**PROBLEM DESCRIPTION:** Transcribe every entry exactly, leaving out any pictures.

**RECORDS SUPPLIED:**
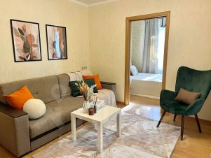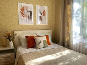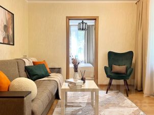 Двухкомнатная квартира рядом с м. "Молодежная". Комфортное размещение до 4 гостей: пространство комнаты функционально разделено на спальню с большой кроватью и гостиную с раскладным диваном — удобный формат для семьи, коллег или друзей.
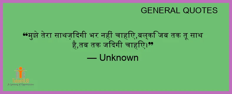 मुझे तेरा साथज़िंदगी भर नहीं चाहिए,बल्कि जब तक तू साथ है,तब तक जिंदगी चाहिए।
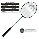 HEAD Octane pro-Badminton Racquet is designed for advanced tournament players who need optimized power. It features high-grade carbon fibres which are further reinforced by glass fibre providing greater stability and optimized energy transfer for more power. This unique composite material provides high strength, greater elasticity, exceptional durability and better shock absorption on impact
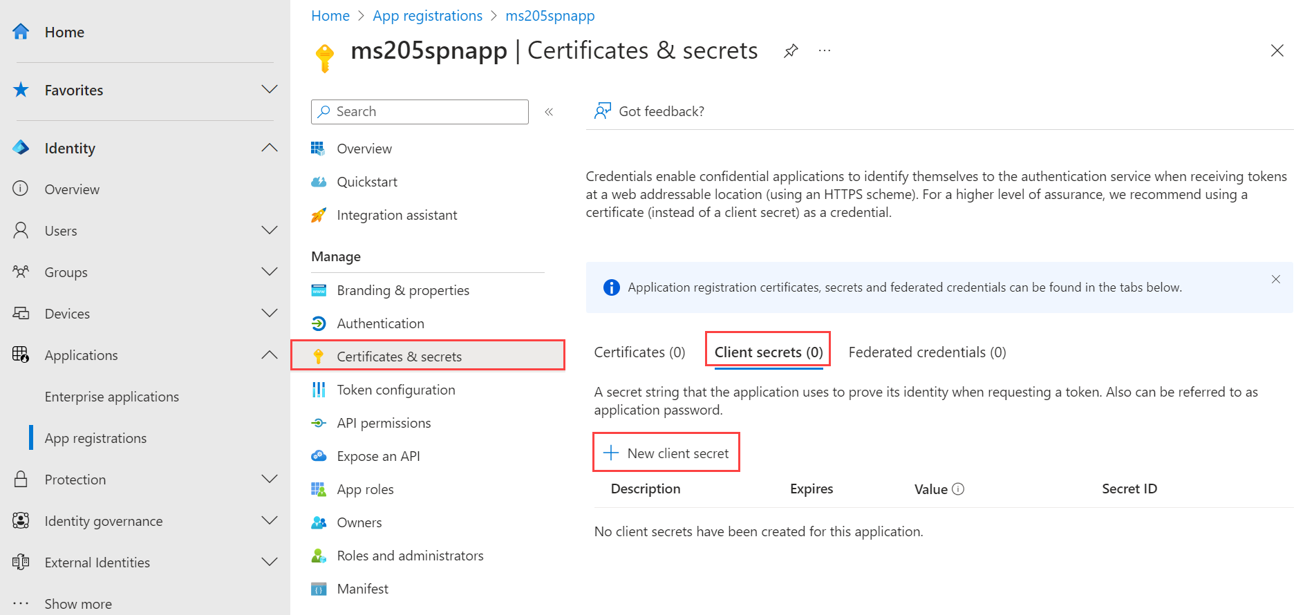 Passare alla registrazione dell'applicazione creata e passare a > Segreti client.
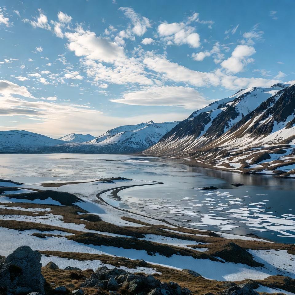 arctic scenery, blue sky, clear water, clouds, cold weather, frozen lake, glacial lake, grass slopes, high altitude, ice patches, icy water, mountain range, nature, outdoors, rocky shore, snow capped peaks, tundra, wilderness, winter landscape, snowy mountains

**WRITTEN ANSWER:**
 Двухкомнатная квартира рядом с м. "Молодежная". Комфортное размещение до 4 гостей: пространство комнаты функционально разделено на спальню с большой кроватью и гостиную с раскладным диваном — удобный формат для семьи, коллег или друзей.
 मुझे तेरा साथज़िंदगी भर नहीं चाहिए,बल्कि जब तक तू साथ है,तब तक जिंदगी चाहिए।
 HEAD Octane pro-Badminton Racquet is designed for advanced tournament players who need optimized power. It features high-grade carbon fibres which are further reinforced by glass fibre providing greater stability and optimized energy transfer for more power. This unique composite material provides high strength, greater elasticity, exceptional durability and better shock absorption on impact
 Passare alla registrazione dell'applicazione creata e passare a > Segreti client.
 arctic scenery, blue sky, clear water, clouds, cold weather, frozen lake, glacial lake, grass slopes, high altitude, ice patches, icy water, mountain range, nature, outdoors, rocky shore, snow capped peaks, tundra, wilderness, winter landscape, snowy mountains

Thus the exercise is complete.